* **TASK OBJECTIVE**
This task asks for the lines from the one with "Winter Magic in" to the final line below, repeated exactly, with pictures omitted.

* **TASK DATA**
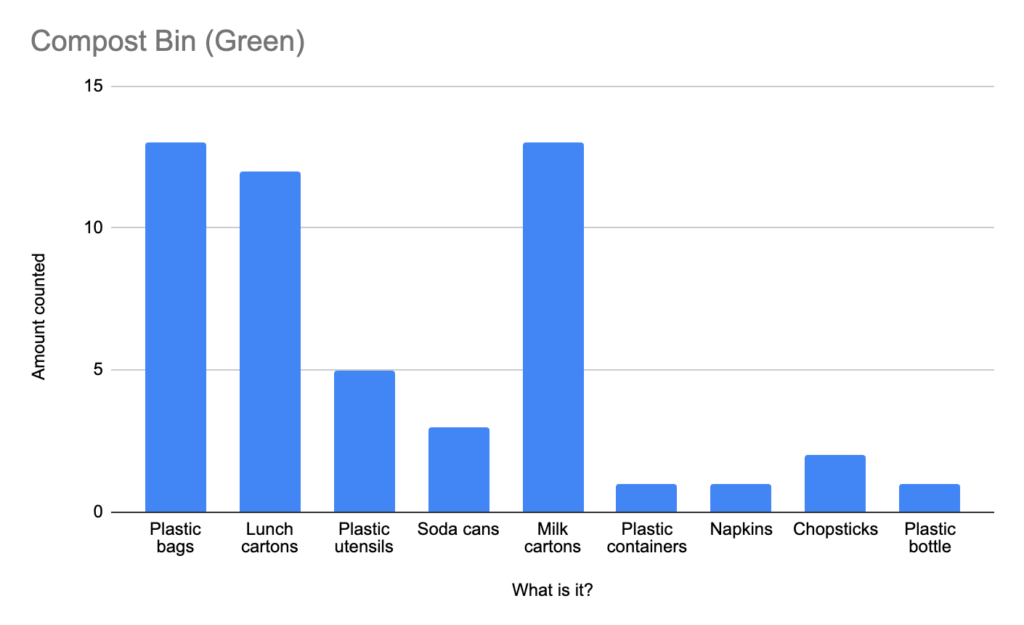 The compost bin showed some of the highest sorting errors. Milk cartons were the most frequent item, which might seem compostable due to their paperboard material that many assume is biodegradable. Despite this, they are often coated with plastic and sometimes include layers of aluminum that don’t break down as fast as compost. Plastic bags and wrappers were also a top item, despite not being compostable.
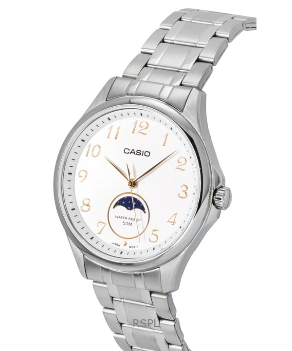 Casio Standard Analog Moon Phase ruostumattomasta teräksestä valmistettu valkoinen kellotaulu kvartsi MTP-M110D-7AV miesten kello
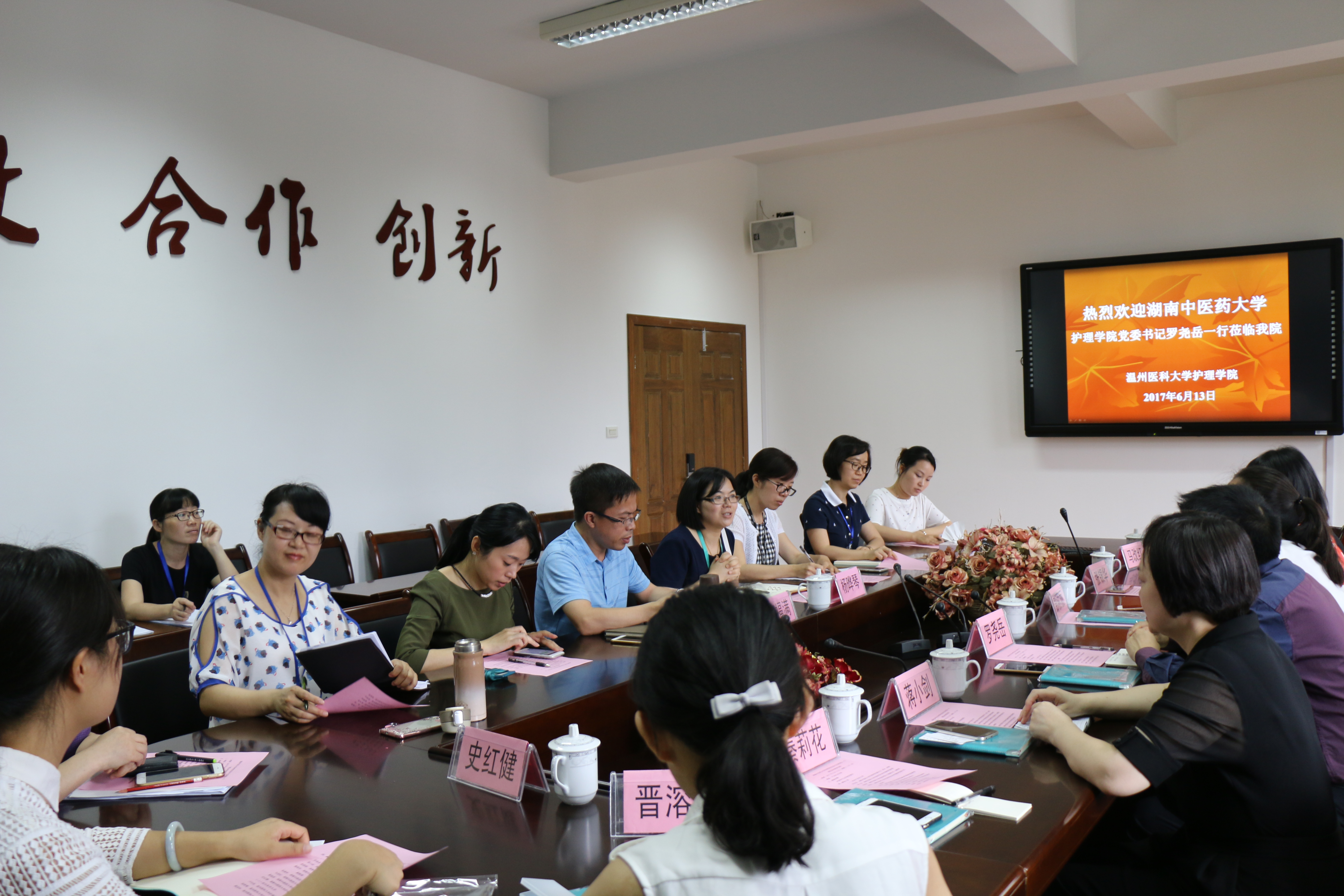 罗尧岳一行参观了海角社区 走廊文化、实验室。随后,在7C306会议室与副院长蔡福满、杨晔琴及学院办,学工办,各教研室、实验室老师,就护理学专业实验室建设、课程建设、教学技能、学生工作等方面进行了深入的交流。
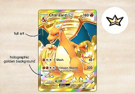Ultra Rare Ultra Rare cards are most notable for their full art and their holographic golden background. There are usually only 1-3 Crown Rare cards released each expansion, and they have a low chance of appearing when you open boosters, making them the rarest cards in the game. Rarity Symbol: Crown Example Cards: Charizard EX, Pikachu EX, Mewtwo EX, Ho-Oh EX, Lugia EX, Mantyke
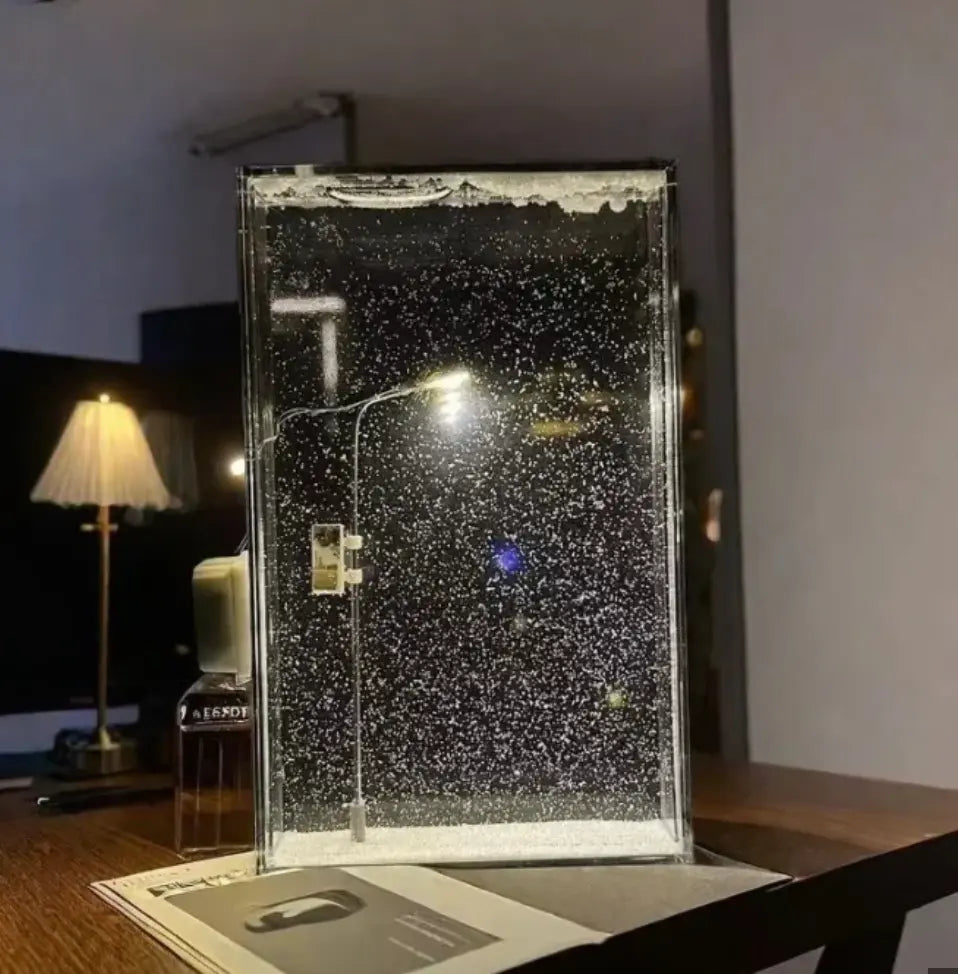 Winter Magic in Your Home: Bring the charm of a snowy night right into your living room, study, or office. The soft light and snow simulation effect create a magical, wintery vibe all year round.
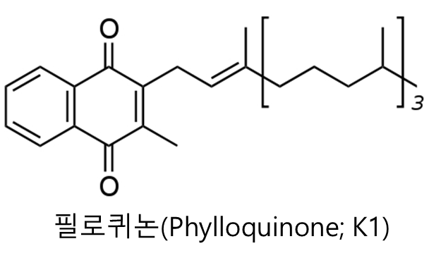 ▷ 필로퀴논(Phylloquinone; K1)은 주로 식물에서 합성된다.

* **RESULT OF THE EXERCISE**
 Winter Magic in Your Home: Bring the charm of a snowy night right into your living room, study, or office. The soft light and snow simulation effect create a magical, wintery vibe all year round.
 ▷ 필로퀴논(Phylloquinone; K1)은 주로 식물에서 합성된다.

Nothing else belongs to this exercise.